In summer 2024, a wingless version of the GR GT3 prototype was spotted running around Fuji Speedway, prompting suggestions that this was the road car. Some rumours suggest that the production version’s V8 will have some hybrid assistance.
Then, in autumn 2024, another possible roadgoing prototype – this time sporting a wing – was seen by Carscoops at the Nürburgring. It apparently clocked the car moving off silently from standstill, adding further fuel to the rumours that the road car will be a hybrid.
Japanese outlet Best Car has further reaffirmed this, suggesting that the LFR will use a 4.0-litre twin-turbo V8 paired with a version of Lexus’ Multi-Stage Hybrid system, for a total output of around 888bhp.
Confirmation of a hybrid powertrain effectively came in September 2024, when an LFR prototype was seen running around the Nürburgring during one of the track’s ‘Industry Pool’ test days. In its rear windscreen was a little yellow sticker, something that electrified prototypes are required are required to display when running at the ’Ring. It’ll likely only be the road car that gets an electrified powertrain, as hybrids aren’t allowed in GT3 racing.
That Nürburgring test session also showed both the winged and wingless versions of the car running, suggesting there’ll be a more track-focused derivative or option pack in addition to the standard car.
Other concepts
Complicating matters a little are a couple of other concept cars shown off by Lexus in recent years. The first was the Lexus Electrified Sport Concept, one of 15 electric concept cars debuted by Toyota in one go back in 2021.
Lexus Electrified Sport Concept
With its long-bonneted, cab-rearward proportions and slender lighting designs, it’s visually similar to the GR GT3 concept, although clearly a totally different design.
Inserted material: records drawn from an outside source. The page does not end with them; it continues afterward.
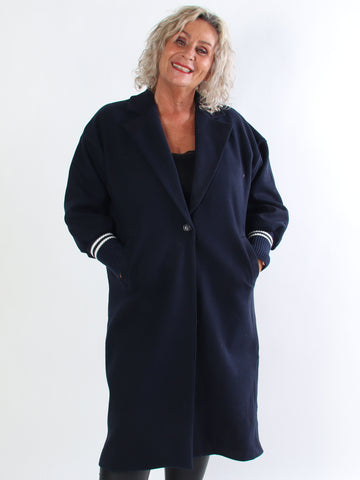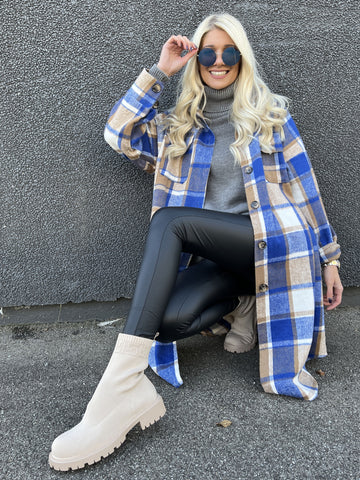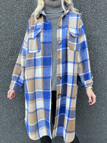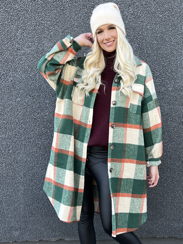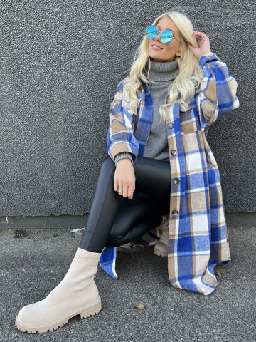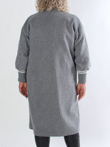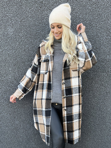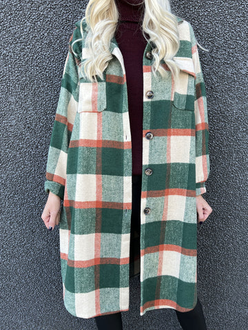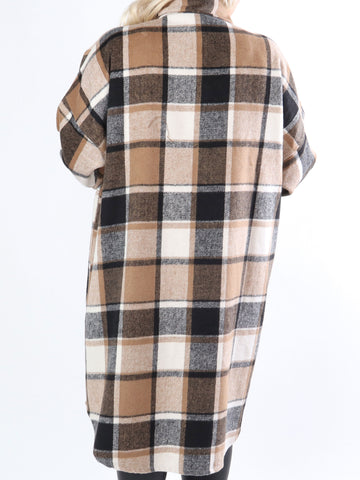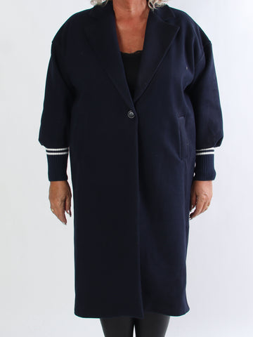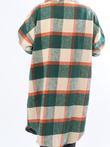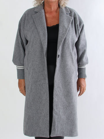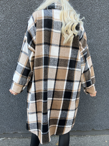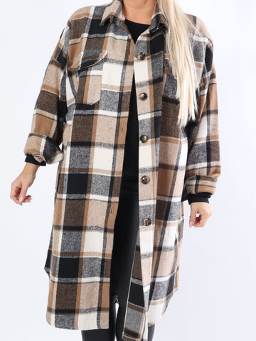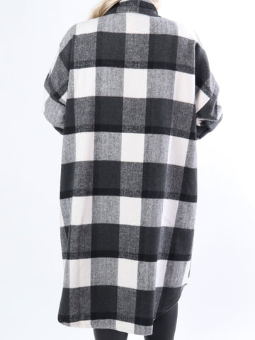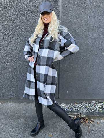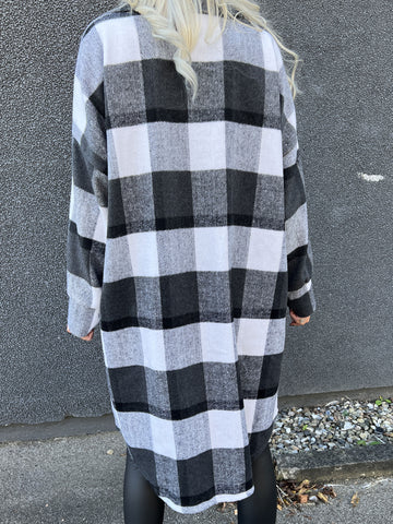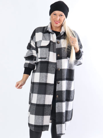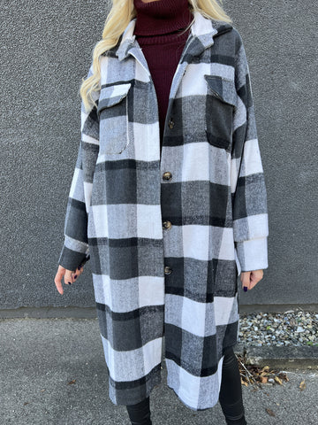 Natalia - Lang ternet plus size jakke med knapper
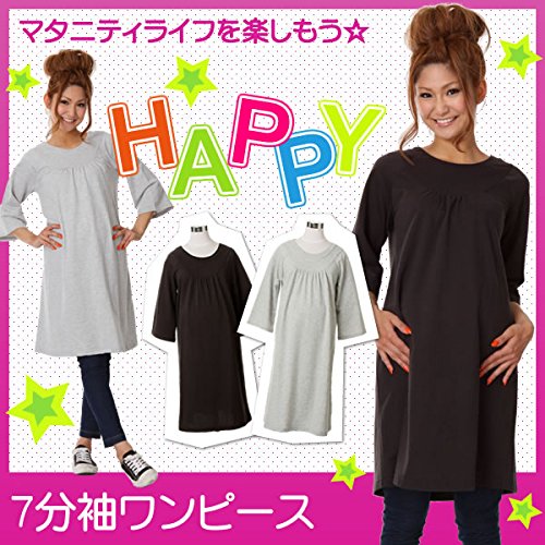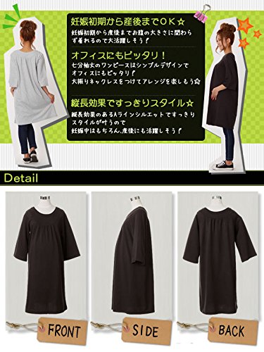 七分袖丈のワンピースはシンプルデザインでオフィスにもピッタリ!縦長効果のあるAラインシルエットですっきりスタイルが叶うので妊娠中はもちろん、産後にも活躍しそう!フリーサイズ
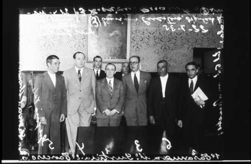 Título.- (1) CÁNDIDO CASANUEVA, MINISTRO DE JUSTICIA. ACOMPAÑADO DE (2) CONCESO COSO LANGA, (3) ENRIQUE CUARTERO, (4) MANUEL GARCIA ATANCE, (5) GREGORIO VALERO Y (6) LEON SANCHEZ, VICTIMAS ESTOS DOS ULTIMOS DEL ERROR JUDICIAL OSA DE LA VEGA, HACIENDOLES ENTREGA DE 3.000 PESETAS.
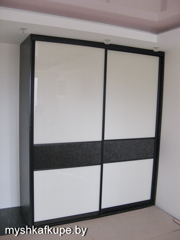 Шкаф-купе Белый лакобель с темной кожаной вставкой
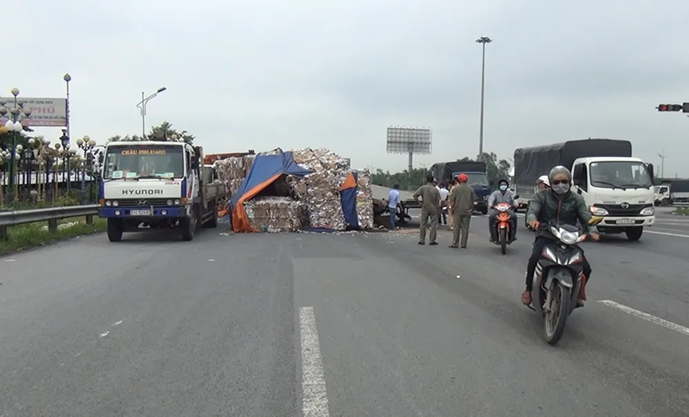 Khi đang vào giao lộ thì xe này loạng choạng rồi lật ngang. Toàn bộ hàng hóa là giấy vụn được ép chặt thành khối lớn chở trên rơ-moóc đổ tràn ra đường trong lúc nhiều phương tiện đang lưu thông cùng chiều.
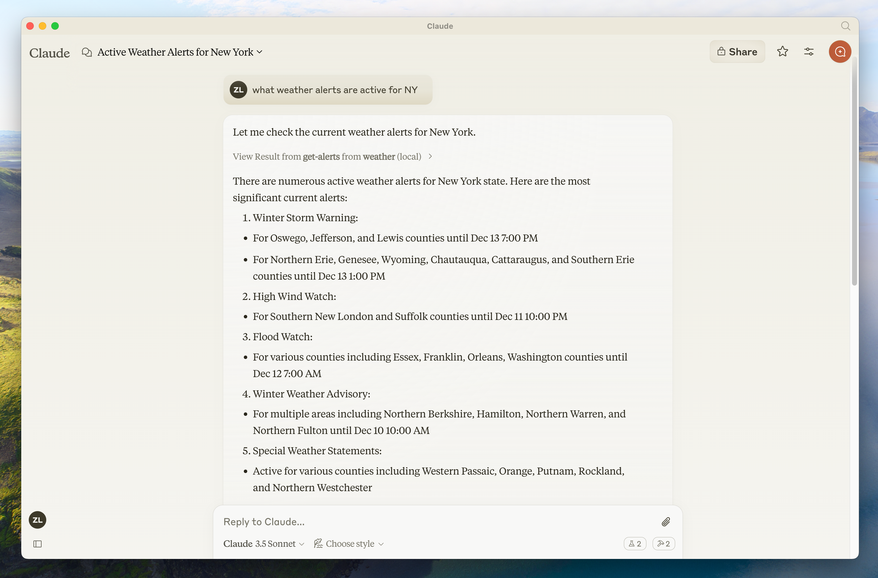 - Есть MCP‑сервер с именем «weather»

At the time, Toyota hinted that most of these concepts were previewing production cars, although only one has come to light in full EV form so far – the bZ4X crossover – and we know the company is hesitant about going all-in on electric power. It’s nevertheless spurred no shortage of rumours that a fully electric Lexus supercar is on the way.
Lexus Sport Concept
Then, during Monterey Car Week 2025, Lexus debuted another, even less imaginatively-named show car, the Sport Concept. It has similar proportions again, and details that are closer to the LFR prototypes we’ve seen, although still clearly a different front end to the original GR GT3 concept.
Lexus was coy about details such as powertrain, and only said that the Sport Concept is a glimpse at the luxury brand’s future design language, but it’s hard not assume this is at least partially previewing a production LFR.
When will we see the LFR?
Currently, it’s expected that the racing version of the LFR will debut during 2026. A logical competition debut for it would be that year’s 24 Hours of Daytona, which takes place in either late January or early February every year, although it’s not unheard of for new race cars to arrive mid-season.
We have to assume we’ll see the road version alongside, if not before, the racer, but so far, there’s no date set in stone. The 2025 Tokyo Auto Salon was previously floated for the debut, but it came and went without so much as a hint – perhaps the 2026 edition, kicking off on 9 January, will be when we finally get to see it.